• WHAT TO PRODUCE:
Please repeat each entry. Match every word exactly.

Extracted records

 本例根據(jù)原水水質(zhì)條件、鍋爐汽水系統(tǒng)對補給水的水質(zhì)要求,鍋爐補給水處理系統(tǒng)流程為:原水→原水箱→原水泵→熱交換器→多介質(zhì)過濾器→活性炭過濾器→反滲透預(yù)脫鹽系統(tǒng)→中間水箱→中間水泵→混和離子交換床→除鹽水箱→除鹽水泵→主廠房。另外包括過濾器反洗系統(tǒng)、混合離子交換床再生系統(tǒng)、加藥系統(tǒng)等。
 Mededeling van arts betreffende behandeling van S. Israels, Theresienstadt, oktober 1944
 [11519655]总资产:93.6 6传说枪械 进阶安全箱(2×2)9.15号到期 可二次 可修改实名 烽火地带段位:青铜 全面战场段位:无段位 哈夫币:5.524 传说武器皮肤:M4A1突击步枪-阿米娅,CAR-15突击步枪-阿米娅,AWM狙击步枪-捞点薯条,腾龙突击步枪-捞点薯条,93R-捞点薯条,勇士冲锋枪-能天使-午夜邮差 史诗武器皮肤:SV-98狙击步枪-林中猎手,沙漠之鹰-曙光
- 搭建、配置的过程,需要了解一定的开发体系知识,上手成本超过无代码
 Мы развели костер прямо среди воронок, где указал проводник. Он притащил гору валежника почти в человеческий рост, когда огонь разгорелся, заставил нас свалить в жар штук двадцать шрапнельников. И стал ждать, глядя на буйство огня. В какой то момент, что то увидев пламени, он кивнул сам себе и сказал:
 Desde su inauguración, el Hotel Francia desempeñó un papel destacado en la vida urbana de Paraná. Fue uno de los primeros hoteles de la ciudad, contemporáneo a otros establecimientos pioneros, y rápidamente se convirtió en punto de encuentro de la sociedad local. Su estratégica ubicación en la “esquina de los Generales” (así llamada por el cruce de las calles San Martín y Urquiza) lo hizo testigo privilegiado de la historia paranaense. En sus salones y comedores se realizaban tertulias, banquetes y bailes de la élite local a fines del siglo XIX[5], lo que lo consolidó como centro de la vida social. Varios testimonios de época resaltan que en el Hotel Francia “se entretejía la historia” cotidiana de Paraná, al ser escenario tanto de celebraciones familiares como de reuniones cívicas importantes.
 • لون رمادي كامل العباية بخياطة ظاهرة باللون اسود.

• TASK RESPONSE:
 本例根據(jù)原水水質(zhì)條件、鍋爐汽水系統(tǒng)對補給水的水質(zhì)要求,鍋爐補給水處理系統(tǒng)流程為:原水→原水箱→原水泵→熱交換器→多介質(zhì)過濾器→活性炭過濾器→反滲透預(yù)脫鹽系統(tǒng)→中間水箱→中間水泵→混和離子交換床→除鹽水箱→除鹽水泵→主廠房。另外包括過濾器反洗系統(tǒng)、混合離子交換床再生系統(tǒng)、加藥系統(tǒng)等。
 Mededeling van arts betreffende behandeling van S. Israels, Theresienstadt, oktober 1944
 [11519655]总资产:93.6 6传说枪械 进阶安全箱(2×2)9.15号到期 可二次 可修改实名 烽火地带段位:青铜 全面战场段位:无段位 哈夫币:5.524 传说武器皮肤:M4A1突击步枪-阿米娅,CAR-15突击步枪-阿米娅,AWM狙击步枪-捞点薯条,腾龙突击步枪-捞点薯条,93R-捞点薯条,勇士冲锋枪-能天使-午夜邮差 史诗武器皮肤:SV-98狙击步枪-林中猎手,沙漠之鹰-曙光
- 搭建、配置的过程,需要了解一定的开发体系知识,上手成本超过无代码
 Мы развели костер прямо среди воронок, где указал проводник. Он притащил гору валежника почти в человеческий рост, когда огонь разгорелся, заставил нас свалить в жар штук двадцать шрапнельников. И стал ждать, глядя на буйство огня. В какой то момент, что то увидев пламени, он кивнул сам себе и сказал:
 Desde su inauguración, el Hotel Francia desempeñó un papel destacado en la vida urbana de Paraná. Fue uno de los primeros hoteles de la ciudad, contemporáneo a otros establecimientos pioneros, y rápidamente se convirtió en punto de encuentro de la sociedad local. Su estratégica ubicación en la “esquina de los Generales” (así llamada por el cruce de las calles San Martín y Urquiza) lo hizo testigo privilegiado de la historia paranaense. En sus salones y comedores se realizaban tertulias, banquetes y bailes de la élite local a fines del siglo XIX[5], lo que lo consolidó como centro de la vida social. Varios testimonios de época resaltan que en el Hotel Francia “se entretejía la historia” cotidiana de Paraná, al ser escenario tanto de celebraciones familiares como de reuniones cívicas importantes.
 • لون رمادي كامل العباية بخياطة ظاهرة باللون اسود.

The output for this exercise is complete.